The study traces different ways that female university students go about learning ICT. It identifies four learning strategies: “intensive extended”, “moderate extended”, “self-directed/collaborative” and “self-directed”. The study by Vergés et al. (2011) showed that women access technological learning via informal channels, at times this may be in parallel to formal education and informal education. In our study, a greater percentage of university students learned in a self-directed, self-taught and intuitive way. Having said this, we have to bear in mind that the most advanced level of digital competence is reached with intensive and moderate extended forms of learning; this means using forms of learning with a variety of frequently recurring strategies. In line with Rebollo-Catalán, Vico-Bosch, et al. (2015), the diversity and heterogeneity of strategies used by women to learn ICT stimulates their digital competence. Thus, learning in a self-directed way alone does not constitute the most effective way of developing digital competence on the internet.

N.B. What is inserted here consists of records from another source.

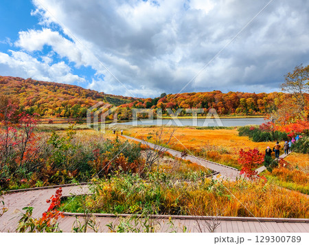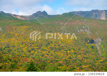 從東山脈的一勢峽山眺望五色沼的紅葉
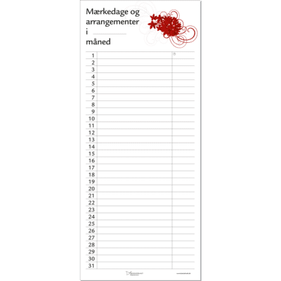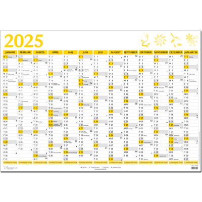 13 måneders semesterkalender i whiteboard, det er muligt at bruge whiteboard pen, der kan fjernes med en klud.
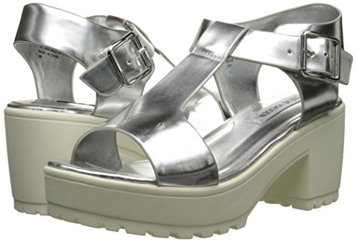 T-strap platform sandal featuring block heel and wide adjustable ankle strap with buckle
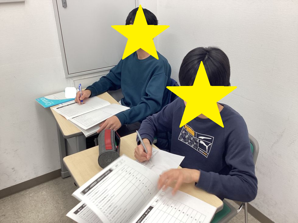 授業前早く来た生徒は熱心に小テスト勉強に取り組んでいました。
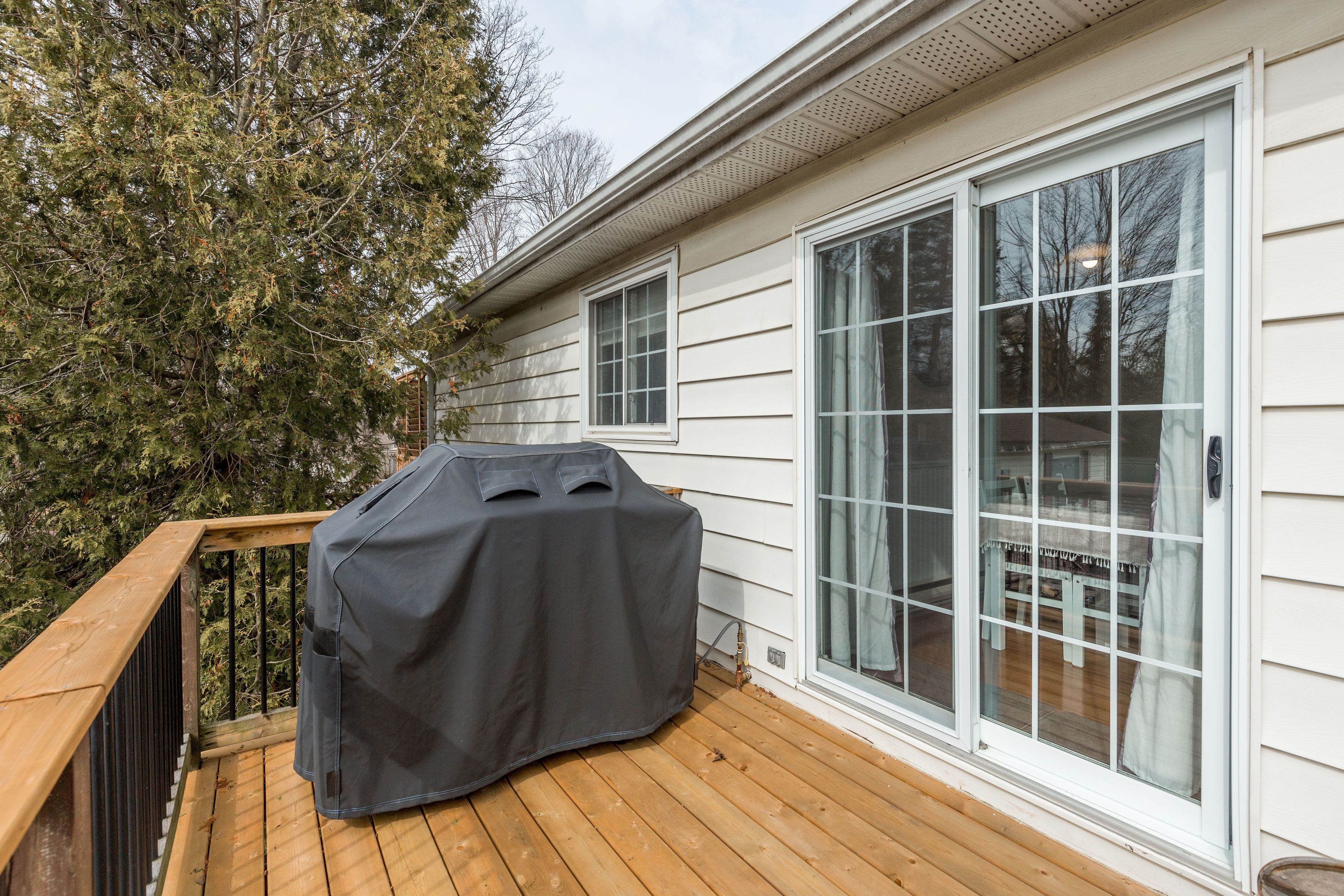 Welcome to this thoughtfully updated custom bungalow in the heart of innisfil, set on a spacious, 75 x 200 foot treed lot with plenty of room to relax, play, and entertain. With 5 bedrooms, 3 bathrooms and a flexible layout, there's space here for the whole family to enjoy. The oversized 525 square foot heated garage is a dream for hobbyists or anyone needing extra room, complete with a rear overhead door for easy backyard access. Outside, the fun really begins-a multi-tiered deck with gazebo creates the perfect hangout spot for summer nights, weekend bbqs, and gatherings with friends, plus two handy storage sheds for all your extras. Inside, the bright and open living and dining areas are filled with natural light from large windows. The updated kitchen features timeless white subway tile, a generous eat-in space, and patio doors leading straight to your bbq deck-making entertaining easy and everyday living even better. All three bathrooms have been beautifully renovated with fresh, modern finishes. Recent updates include a finished basement renovation (2024), upstairs bathroom (2025), 1. 5 tonne ductless a/c with heat pump (2024), and an electric fireplace (2021), so you can move in and enjoy right away. Located just minutes from innisfil beach park-a 75-acre waterfront playground on lake simcoe-and close to schools, shopping, the innisfil idealab & library, and ymca, this home offers a great mix of comfort, convenience, and lifestyle.
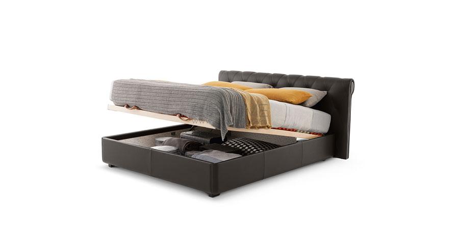 Roberto Lazzeroni為這款床設計了柔軟而富有女性特質的線條,將過去與當代自然結合。Bluemoon床以細膩而充滿想象的氛圍裝點臥室。床頭表面覆蓋Pelle Frau?軟皮,裝飾現代纓球包墊,采用細膩縫線制作,描繪出大號菱形圖案。床頭上側末端使用一個小型渦形裝飾,靈感來自經典Poltrona Frau扶手。Bluemoon床還可提供配備一只大容積收納倉的版本。
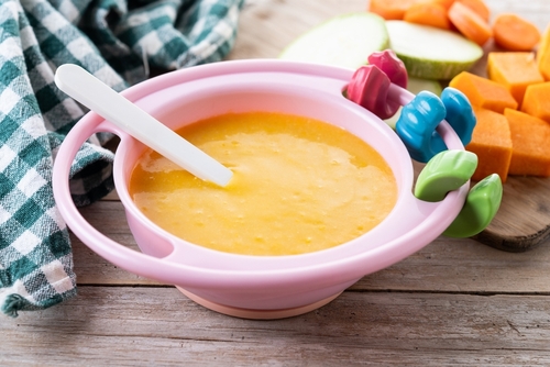 Daržovių tyrė: garintos ar keptos saldžiosios bulvės, morkos, moliūgai, sutrinti su nedideliu kiekiu motinos pieno, mišinio ar vandens.

In this sense, university education has to be sensitive to this type of self-directed educational process which is characteristic of women. However, as Gros (2015) states, they need to develop major skills at an earlier stage. Such skills are not acquired spontaneously and should constitute the goal of new pedagogical approaches at university. These new designs should incorporate a wide diversity of strategies, due to their repercussion in the development of digital competence, but they should also be sensitive to the preferences of the women themselves.